隣のクラスの生徒だから、俺がこれから教室に戻っても廊下あたりで鉢合わせるのと思う。そしたら気まずいか。はあ、とため息が漏れる。心労が重なる。少し図書室で休もう。ドアに手をかけて、横にスライドさせる。暖房の風が、頬を撫でる。

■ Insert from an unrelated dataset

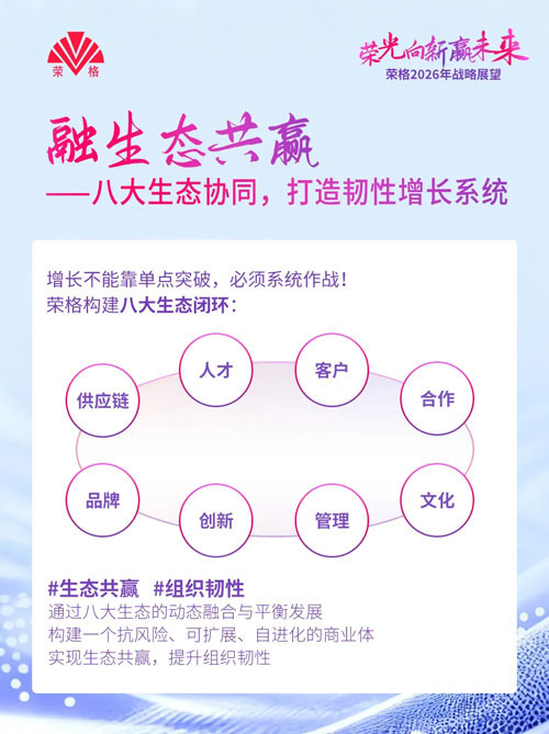 【直报网北京12月18日讯】(荣格)12月15日,我们共同见证了荣格发展史上又一重要时刻——“荣光向新·赢未来——荣格2026年战略展望会”隆重召开。会上,荣格对2026年发展战略、品牌战略及人才战略进行展望,为未来的前行之路,锚定新的方向。 荣格科技集团总裁、荣格科技总经理张阳辉先生在会上发表重要讲话,他提出荣格2026年要围绕“全场域营销·融生态共赢·高质量发展”的核心纲领,全面推进企业战略升级。 今天,让我们一起通过图解来展望这三大战略支柱——从“全场域营销”如何重塑用户连接,到“融生态共赢”怎样构建组织韧性,再到“高质量发展”如何引领我们走向世界级舞台。 荣格2026年战略展望 ![]() ![]() ![]() ![]() ![]() ![]() 2026,荣光向新赢未来! 2026,是全新的起点。 “荣光向新·赢未来”——这场变革,关乎产品,更关乎生态;关乎增长,更关乎责任;关乎今天,更关乎百年。 未来的荣格,将是一个——有温度的品牌、有韧性的组织、有格局的平台、有信仰的共赢体。 让我们携手并肩,以战略为帆,以信念为舵,在高质量发展的浪潮中,共创健康文明,共赴星辰大海!

カウンターに稲穂が座っていた。もちろん、ドアを開けたタイミングで稲穂は俺に気づく。不思議そうな顔をしていた。俺は今までの高校生活で、図書室を利用したことがない。稲穂にとって俺は珍しい客だったし、俺は稲穂が図書委員であることを失念していた。
「……そうだった」
「なにあのラップバトルみたいな告白」
「聞こえてた?」
「誘導尋問で倒してた」
俺は右手をヒラヒラさせて、本棚の方へ向かう。そこから、小学生のころに山瀬が読んでいたような記憶がある恋愛心理テストの本を手に取り、机に座る。俺が座った席の向こう側に、一条が座っていた。高校生でセックスするようなやつは本なんて読まない。
「なにしてんの?」
「君みたいなやつを倒すための勉強」
「期末テストが終わったばかりなのに?」
「べつに」
なにが、べつになのだろうか。彼女の目の前に教科書やノートは一切広がっていない。俺は稲穂をチラっと見る。とくに変わった様子はなく、冷静を保ちながら手前の本に視線を落としている。ああいう、清楚な女の子が本を読むのだ。
「自信ないんだ」
「ある」
「自己採点は?」
「教えるわけないじゃん」
そんなに美少女というわけでもないのにツンケンとした性格だから、俺からしたらただの嫌なやつに思える。上沢を含めて世の中の男っていうのは、こういう肉付きがよく、ほどよく陰湿な女を好むらしい。
「まあいいよ。この前見たことは秘密で」
「あんたたちは私のこと噂にしているのに?」
「誰の口からも語られることのない人生よりはマシだろ?」
「……私の勝ちかな」
負けてあげたところで、俺は立ち上がる。小学生女児向けの恋愛心理の本をカウンターまで持っていく。本の借り方は高校一年生のときに教わったはずだけど覚えていない。とりあえず、カウンターの上にかわいい表紙の本を置き、稲穂に話しかける。
「私の前で、この本借りるの恥ずかしくない?」
「演技だよ。俺は恋愛のいろはを知っているから。でも、そういうの無知な方がいいだろ?」
「じゃあ、い」
「お弁当」
「じゃあ、ろ」
「お弁当」
稲穂は怪訝な顔をする。
「じゃあ、は」
「お弁当」
「なにそれ。はい、これで借りれた」
「三回お弁当食べたら、だいたいわかるってこと」
「弁当の前に、おを付けるのは?」
「それも演技」
「意味わかんない。返却期限は一週間後だから」
「じゃあ、今返すよ」
「……」
カウンターの上に、本を置いたまま俺は図書室を後にした。